▸ Directions
Look for the line with "GENERAL SANI ABACHA, GCON." in the data below, then reproduce word for word that line and every line after it. Leave out all pictures and add nothing.

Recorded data
>>>

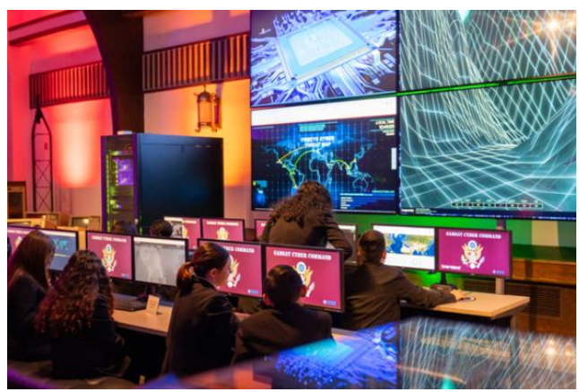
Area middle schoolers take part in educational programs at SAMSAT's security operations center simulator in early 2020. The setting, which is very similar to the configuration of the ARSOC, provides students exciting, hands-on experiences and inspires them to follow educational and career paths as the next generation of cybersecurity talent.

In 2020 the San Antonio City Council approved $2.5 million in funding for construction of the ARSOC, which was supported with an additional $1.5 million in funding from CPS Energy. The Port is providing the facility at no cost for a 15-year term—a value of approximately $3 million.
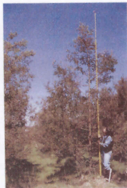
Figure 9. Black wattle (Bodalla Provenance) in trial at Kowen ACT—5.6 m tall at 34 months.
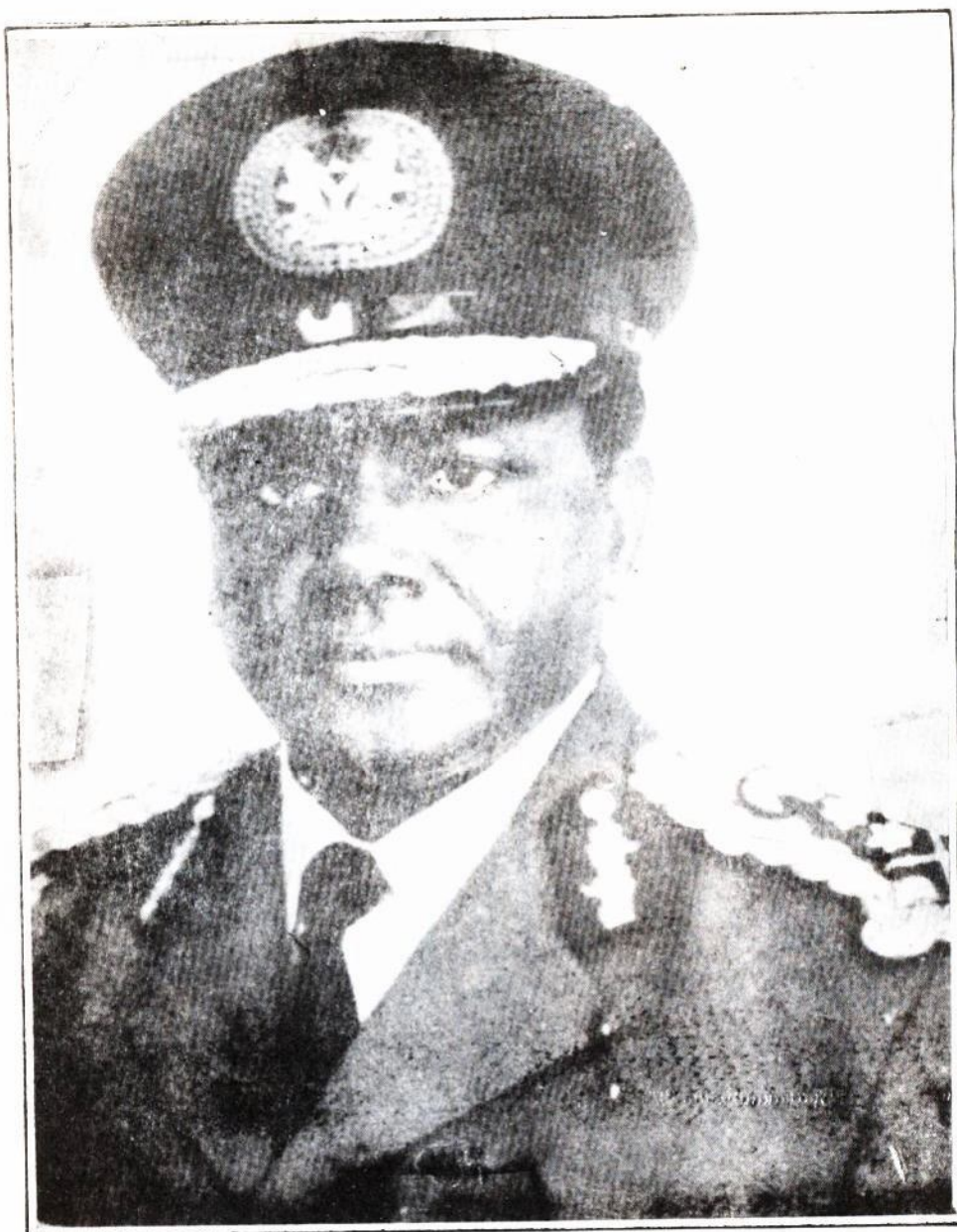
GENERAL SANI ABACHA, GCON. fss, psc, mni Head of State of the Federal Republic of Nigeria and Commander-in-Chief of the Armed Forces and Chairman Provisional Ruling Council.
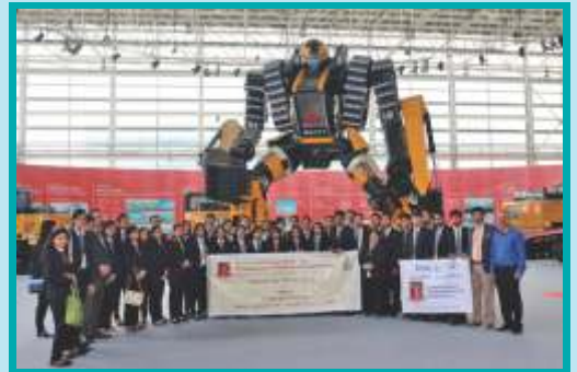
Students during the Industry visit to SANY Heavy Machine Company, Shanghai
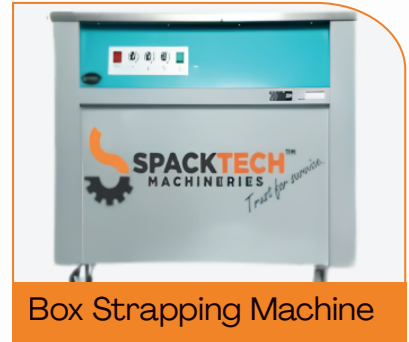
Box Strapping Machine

<<<

▸ Result
GENERAL SANI ABACHA, GCON. fss, psc, mni Head of State of the Federal Republic of Nigeria and Commander-in-Chief of the Armed Forces and Chairman Provisional Ruling Council.
Students during the Industry visit to SANY Heavy Machine Company, Shanghai
Box Strapping Machine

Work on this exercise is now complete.